Competition law | Academy trusts

Does competition law apply to academy trusts?

This article was first published in Schools Week on 13 November 2017

As multi-academy trusts come to dominate in so many areas, concerns are raised about unfair competition and less choice for parents. But the mechanism for challenging a MAT’s dominance is not at all clear, as education law expert Russell Holland explains.

The Competition and Markets Authority (CMA) was established in 2014 to combine the functions of the former Competition Commission and Office of Fair Trading. It is most likely to feature in the news for its work in commercial areas, and you might recently have seen its work on the proposed merger of Fox and Sky News.

At first sight it may not seem to have much to do with education. However, back in 2015, the CMA did write an official letter to schools about school uniforms. It pointed out that some schools’ uniforms policy, in which parents could see bills of hundreds of pounds, could be in breach of competition law, and reminded leaders and their suppliers of its power to issue fines or make directions about anti-competitive behaviour.

Legally speaking, multi-academy trusts (MATs) have an unusual status. They combine aspects both of private and public organisations and pose interesting legal issues. An MAT is a private company and must comply with company law, but they are also an exempt charity, so charity law also affects them.

They have a master funding agreement with the education secretary, but also individual supplemental funding agreements for each of their schools. These funding agreements are drafted as contracts, and elements of the agreement require academies to comply with statute law which would not otherwise apply to an academy.

They are regulated by the Department for Education through the Education and Skills Funding Agency. If they want to expand, then some powers are exercised by the education secretary, through the Regional Schools Commissioner (RSC) and the Head Teacher Board (HTB). So, MATs are subject to both private and public legal challenges and are regulated by both contract/regulatory powers. They do not therefore neatly fit any one legal category.

So, if someone has concerns that a MAT has a dominant role in a particular area, what can they do?

The starting point would be to look to the DfE’s decisions which have come through the RSC and the HTB. These could be challenged with a judicial review, an instrument through which a High Court judge is asked to determine whether a public body has acted unlawfully and outside its powers or otherwise in a way that is unreasonable or irrational.
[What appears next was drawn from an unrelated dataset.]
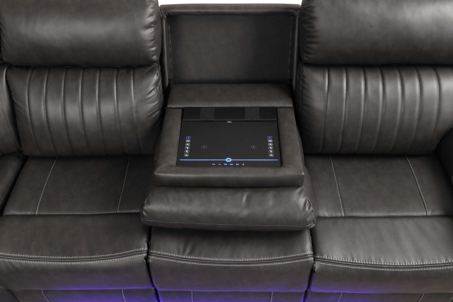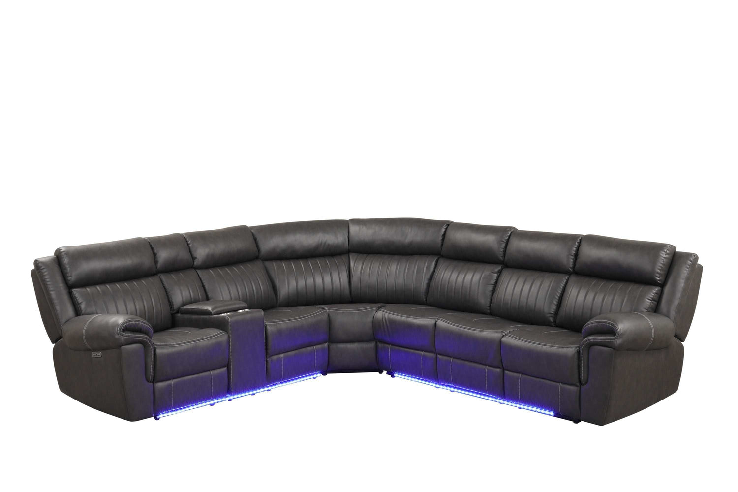 Aviator Gray Leather Power Reclining Sectional w/ Console & Drop-down Touchpad
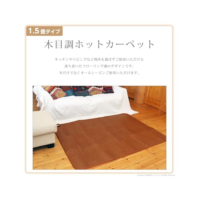 ライフジョイ ホットカーペット 1.5畳 フローリング調 電気カーペット 128cm×176cm 防水 ブラウン JPJ151WB

This is a matter for principles of public law rather than competition law, and interestingly, there is currently no case law in this area.

Given that there is limited guidance on the way in which decisions by the RSC/HTB are reached at present, you would have to base your argument that a MAT is dominating its local area more on educational standards rather than competition law.

In order for the CMA to exercise its powers of competition law, it would first need to determine that a MAT was a business undertaking economic activities in a relevant market. Further technical legal points arise when making an assessment about whether or not there is dominance in this market, or abuse. It is difficult to see how such arguments could be made successfully in respect of a MAT’s expansion.

Given the government’s continued drive towards academisation and free schools, it is likely that there will continue to be considerable debate about the growth of MATs and the way in which they are regulated. From a legal perspective, such concerns are likely to be addressed primarily through policy reform, using the principles of public law rather than competition law.